Longinus felt uncomfortable amidst the excess of conspicuous consumption that marked the feast in Herod’s palatial banquet hall. Like all of Herod’s rebuilt structures, this desert palace was Greco-Roman in style and lay atop a sixteen hundred foot tall rocky prominence, five miles east of the northern tip of the Dead Sea. The banquet hall sported a mosaic floor and purple curtains from Tyre. The food set before them was lavish in display and forbidden by Jewish standards—from roasted boar to shell fish to other, rich, exotic foods prohibited by their Torah. Antipas had no sense of honor or discipline. Of course, such taboos were nonsensical to Longinus. But for Antipas to so defy his own cultural codes of conduct just meant the hypocrite could not be trusted on any level, even by Romans.

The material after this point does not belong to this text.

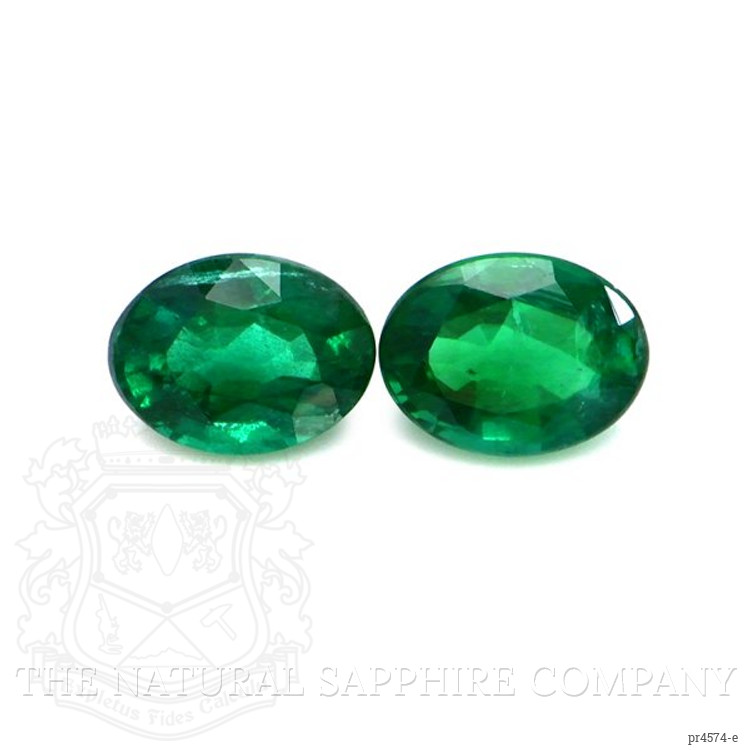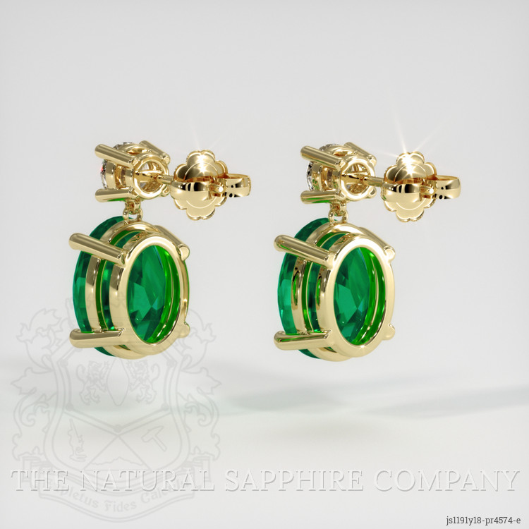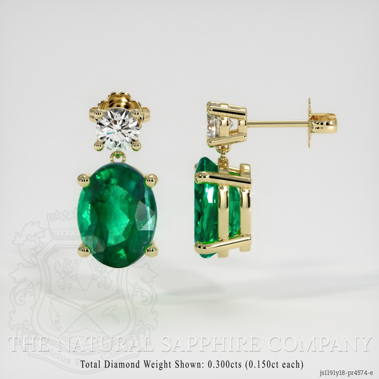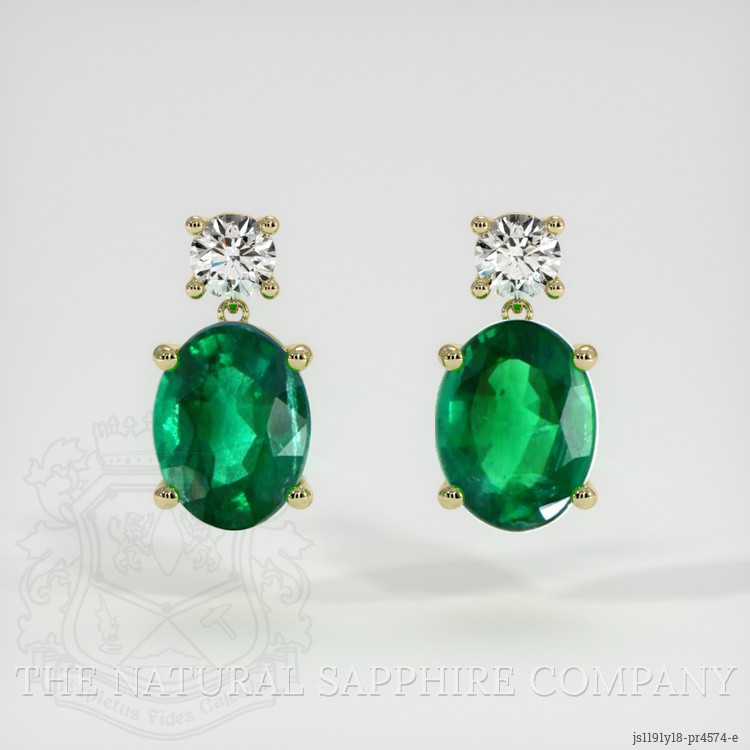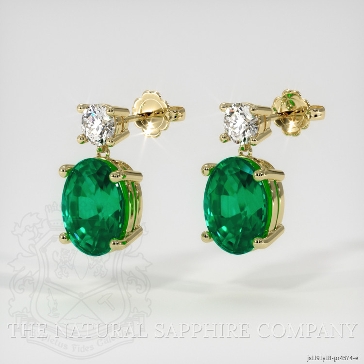 The earrings feature a beautiful, transparent pair of emeralds that are 2.31 total carat weight. They are oval shape green emeralds, with the dimensions of 8.08 x 6.11 x 4.06 mm and are mixed brilliant cut, have a clarity grade of very slightly included (evaluated at eye level), vivid color saturation, and an excellent polish. The origin of this pair of emeralds is Zambia.

Yet, he simply carried on the legacy of his royal family from the past hundred years. A legacy of lies, intrigue and betrayal. The taboo marriage of Antipas was only the beginning of his incestuous interests. For the moment, Longinus had to endure an erotic “dance of the seven veils” performed by Antipas’ own step-daughter by Herodias, a young girl named Salomé. She appeared barely of marrying age. She writhed and wriggled like a nubile seductive serpent. She stripped off her seven veils one by one to the music until she was stark naked before the tetrarch and his company. Antipas watched her with lascivious eyes and clapping hands.
Longinus conversed with Herodias, to try to avoid the disgusting sight, but he found Herodias engaged in her own lascivious flirtations—with Longinus. These people had no limits to their debauchery.
He whispered to Herodias, “Did you know anything of the actor’s political entanglements?” He was referring to Gestas Semaras.